Conservare i campioni a 80 C fino a ulteriori analisi da parte di SDS-PAGE e western blot. Trasferire 200 l di mitocondri altamente purificati in un tubo microcentrifuga pre-refrigerato da 1,5 ml. Mitocondri diluiti di una volta con tampone SEM ghiacciato.
Utilizzando un sonicatore compatibile con piccoli volumi, sonicare i mitocondri 3 volte per 30 secondi sul ghiaccio. Centrifugare il campione per 30 minuti a 100.000 x g a 4 C.E raccogliere il surnatante in un nuovo tubo microcentrifuga pre-refrigerato da 1,5 ml. Dopo aver etichettato il tubo come S"per la frazione proteica solubile, tenere il tubo sul ghiaccio.
Risospesciare il pellet della fase precedente in 400 l di tampone SEM ghiacciato. Trasferire 100 l del pellet risospeso in un nuovo tubo microcentrifuga pre-refrigerato da 1,5 ml. Etichettare il tubo come SMP" per la frazione di particelle submitocondriali e mantenere il tubo sul ghiaccio.
Diluire i restanti 300 l di pellet risospeso una volta con carbonato di sodio da 200 mM appena preparato. E incubare il campione diluito sul ghiaccio per 30 minuti. Quindi, centrifugare il campione per 30 minuti a 100.000 x g a 4 C.Raccogliere il surnatante in un nuovo tubo microcentrifuga pre-refrigerato da 1,5 ml.

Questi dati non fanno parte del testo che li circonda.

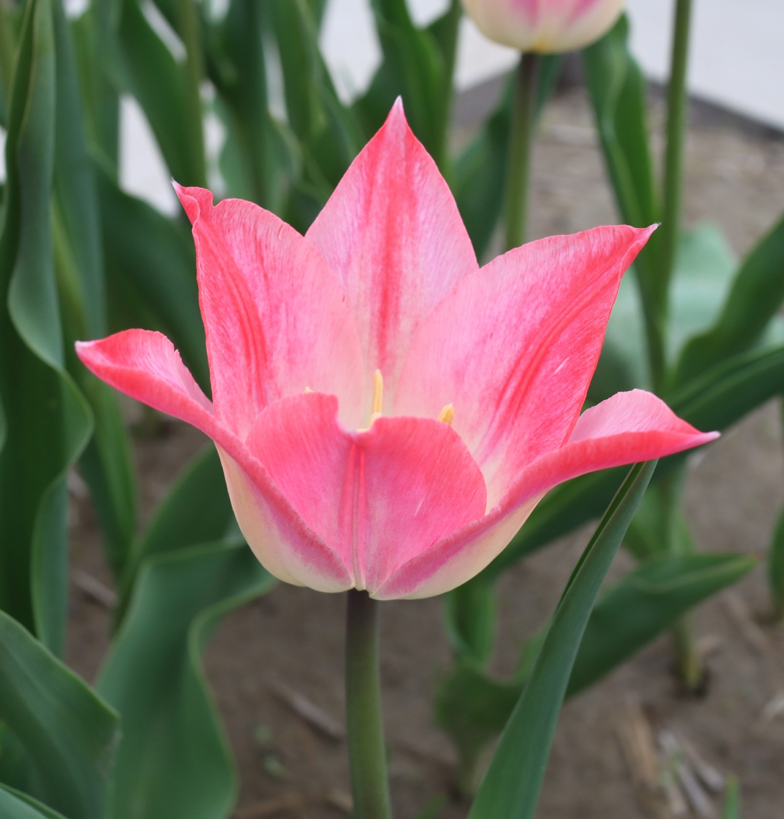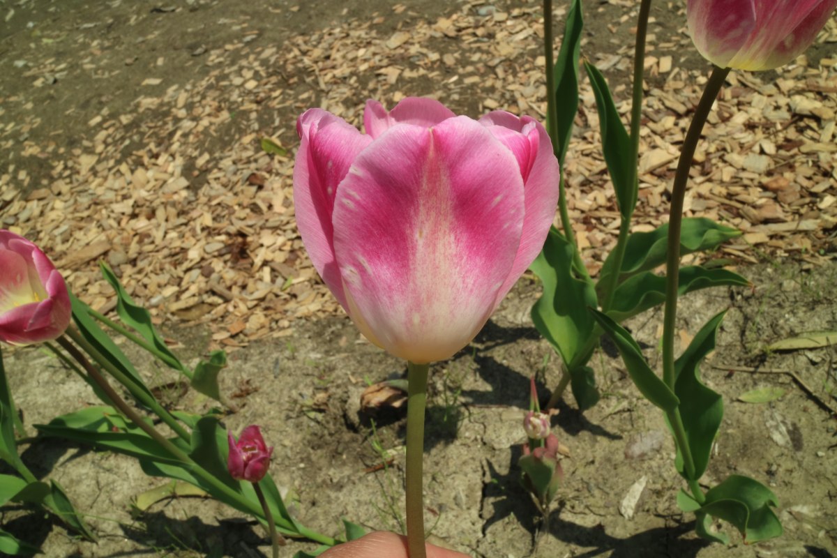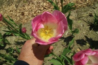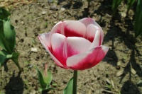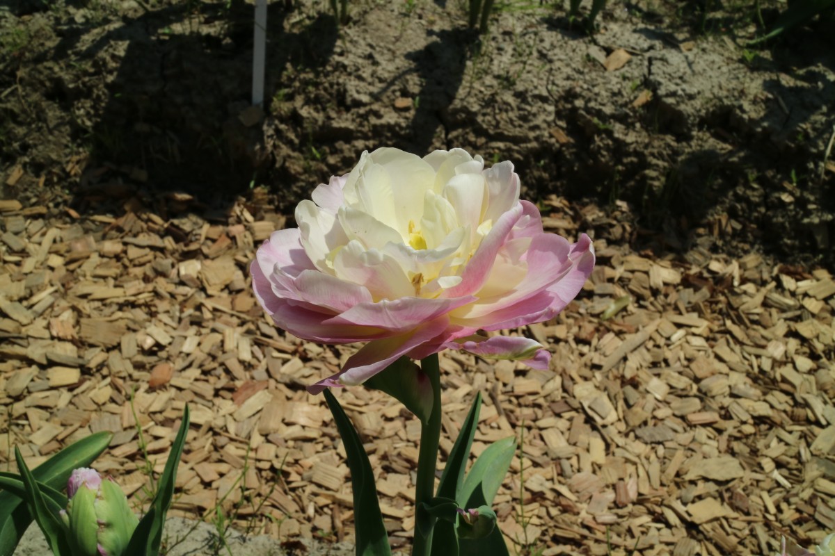 | スーパーモデル SuperModel T ・桃/白 ・medium、middle ・(ファーストチャンピオン) ・トライアンフ系。(一重咲き中生)2012年作出真っ白で咲いて徐々にピンクに染まる |
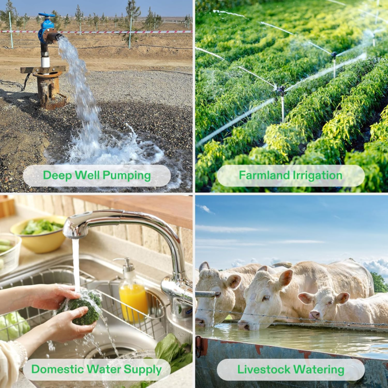 Applicable in Multiple Scenarios: This pump allows you to extract water from deep wells, reservoirs, canals or rivers, supplying water for farms, farmlands, home, factories; 33ft Power cord makes it more flexible to use
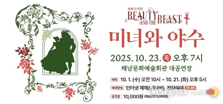 뉴스펀치 김길룡 기자 | 해남군은 오는 10월 23일 오후 7시 해남문화예술회관 대공연장에서 발레뮤지컬 ‘미녀와 야수’공연을 선보인다.
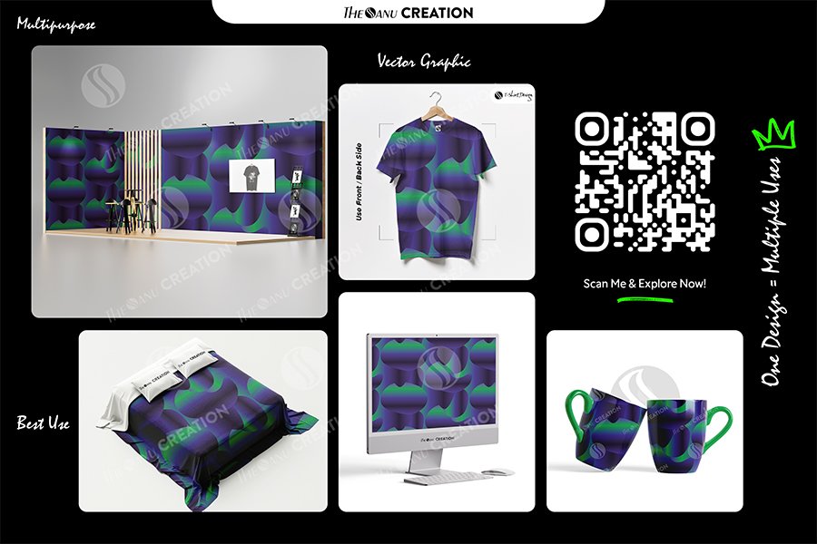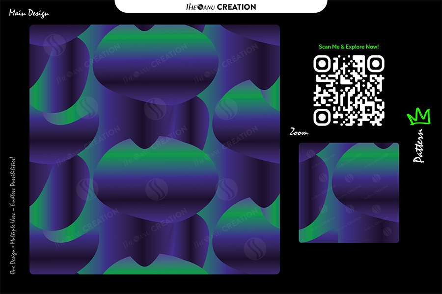 Introducing Emerald Wave Depth Pattern by THE SANU CREATION — a powerful abstract composition defined by smooth rounded forms and deep gradient transitions between rich purple and vibrant emerald tones. The design delivers a bold yet controlled visual presence with a strong sense of depth and flow.
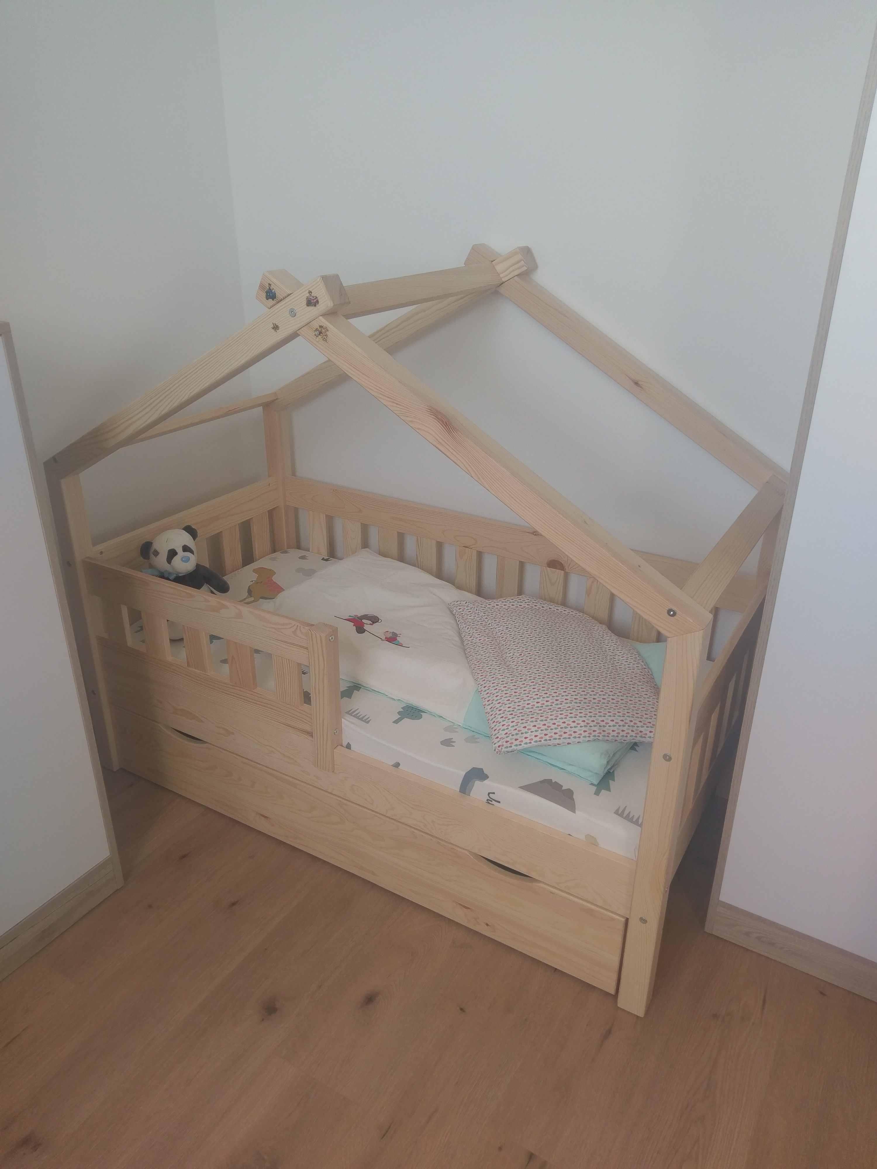 Optimales Design für ein Holzbett für das Kinderzimmer - eine gute Entscheidung für jedes Haus. Freude an der Benutzung garantiert.Dieses Bett aus Holz ist ein Highlight im Kinderzimmer. Es bietet einen fantasievollen Ort für Kinder, um ihre Kreativität auszuleben und überzeugt durch hohe Qualität.MAßE: Das Kinderbett ist passend für Matratzen 160 x 80 cm und hat eine Höhe von 134 cm. Die detaillierten Größen der einzelnen Teile sind auf den Fotos angegeben.MATERIAL: Das Spielbett für Kinder besteht aus natürlichem KiefernholzLIEFERUMFANG: Spielbett, Montageanleitung, Montagematerial, 2x Schubladen, Matratze.Das Hausbett ist mehr als nur ein Kinderbett aus Holz. Es ist ein Spielbereich und eine Quelle der Inspiration. Hier kann Ihr Kind seine Fantasie und Kreativität entfalten und in eine Welt voller Abenteuer eintauchen. Mit seinen zwei Schubladen und einer Matratze bietet dieses Holzbett für Kinderzimmer auch praktischen Stauraum. Es ist ein Highlight im Kinderzimmer und zieht alle Blicke auf sich. Das Bett ist von hoher Qualität und in verschiedenen Ausführungen und zusätzlichen Veredelungen erhältlich. Das Hausbett ist das perfekte Spielbett für Kinder und ein gemütlicher Ort zum Schlafen. Gönnen Sie Ihrem Kind dieses unverwechselbare Design und schaffen Sie ein Zuhause, in dem es sich wohlfühlt und sein eigenes Reich erkunden kann.---Technische Details:Farbe:NaturholzAbmessungen:80 x 133.6 x 160 cm (BxHxT)Material:Holz (Kiefer)Artikelgewicht:47.13 kg.Artikelgewicht inkl. Verpackung:50.1 kg.---LIEFERUMFANG: Spielbett, Montageanleitung, Montagematerial, 2x Schubladen, Matratze.Die Möbelserie "Design" bietet Spielbetten in Hausform für Kinder. Mit einer Vielzahl von Farbkombinationen und verschiedenen Konfigurationsoptionen bietet sie eine breite Auswahl an Möglichkeiten. Gestalten Sie den Schlafbereich Ihres Kindes mit den vielfältigen Optionen der Serie "Design" und schaffen Sie eine spielerische und gemütliche Umgebung.
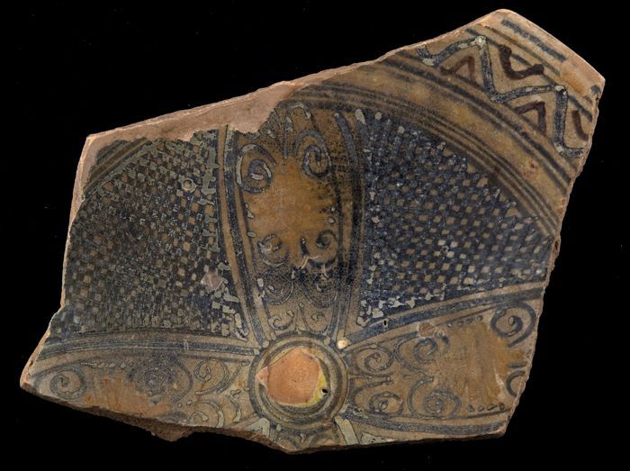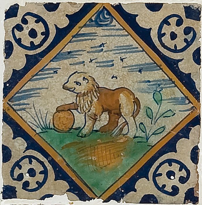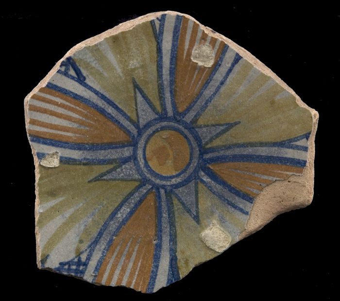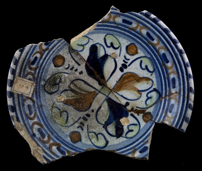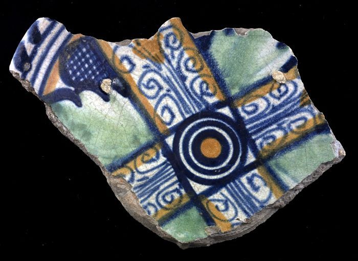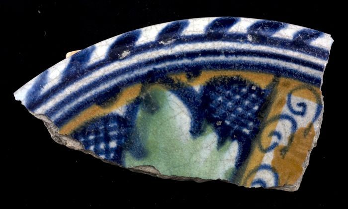 Fragment majolica schotel, bruin, groen en blauw op ...

Etichettare il campione come CS" per la frazione surnatante carbonatica e mantenere il tubo sul ghiaccio. Risospesciare il pellet della fase precedente in 400 l di tampone SEM ghiacciato. E nominare il campione come CP"per la frazione precipitata carbonatica.
Precipitare tutti i campioni con acido tricloroacetico ad una concentrazione finale del 10% e incubare le provette sul ghiaccio per 10 minuti. Quindi, centrifugare i campioni per 10 minuti a 12.000 x g a 4 C.Dopo aver rimosso il surnatante, risospesare ogni pellet nel tampone del campione. Se il buffer del campione diventa giallo, aggiungere da 1 a 5 l di base Tris da 1 M fino a quando non diventa blu.
Aggiungere 1 l di PMSF da 200 mM a tutti i tubi e conservare a 80 C fino a ulteriori analisi da parte di SDS-PAGE e western blot. La frazione mitocondriale grezza è stata purificata mediante centrifugazione con gradiente di densità di saccarosio ed è stata osservata una riduzione di altri contaminanti cellulari. La conversione da mitocondri a mitoplasto è stata monitorata dalla scomparsa della proteina spaziale intermembrana citocromo b2 nel pellet.
Con la comparsa concomitante nel surnatante. La degradazione mediata dalla proteinasi K della proteina intermembrana Sco1 è stata osservata a causa della rottura della membrana esterna da shock osmotico. L'integrità della membrana mitocondriale esterna è stata confermata dalla protezione del citocromo b2 e sco1 contro la degradazione della proteinasi K nella frazione del pellet.
Allo stesso modo, la protezione della proteina solubile della matrice KGD ha confermato l'integrità della membrana mitocondriale interna. Il profilo Western blot di Prx1 ha suggerito una doppia localizzazione mitocondriale nello spazio intermembrana e nella matrice. I mitocondri sono stati sottoposti a sonicazione ed estrazione di carbonato per studiare la topologia delle proteine di membrana.
Il versamento della proteina di membrana integrale è rimasto nelle frazioni del pellet. Il KGD è stato rilevato nella frazione surnatante. Il rilevamento della proteina KGD nel pellet era dovuto alle variazioni dei parametri di sonicazione che influenzavano la formazione di SMP.
Dopo il trattamento con carbonato di sodio, la frazione KGD e SMP è stata solubilizzata e trovata nella frazione surnatante. Il profilo western blot di Prx1 suggeriva un'associazione con la periferia della membrana. Per il successo del protocollo di frazionamento sottocondria, è importante interrompere l'attività della proteinasi K dopo gonfiore ipotonico aggiungendo PMSF ai campioni.
I siti forniscono informazioni sulla localizzazione della proteina submitocondriale. Questo protocollo può anche essere utilizzato per verificare l'integrità dei preparati mitocondriali, che è fondamentale durante gli studi proteomici dei sottocompartimenti mitocondriali.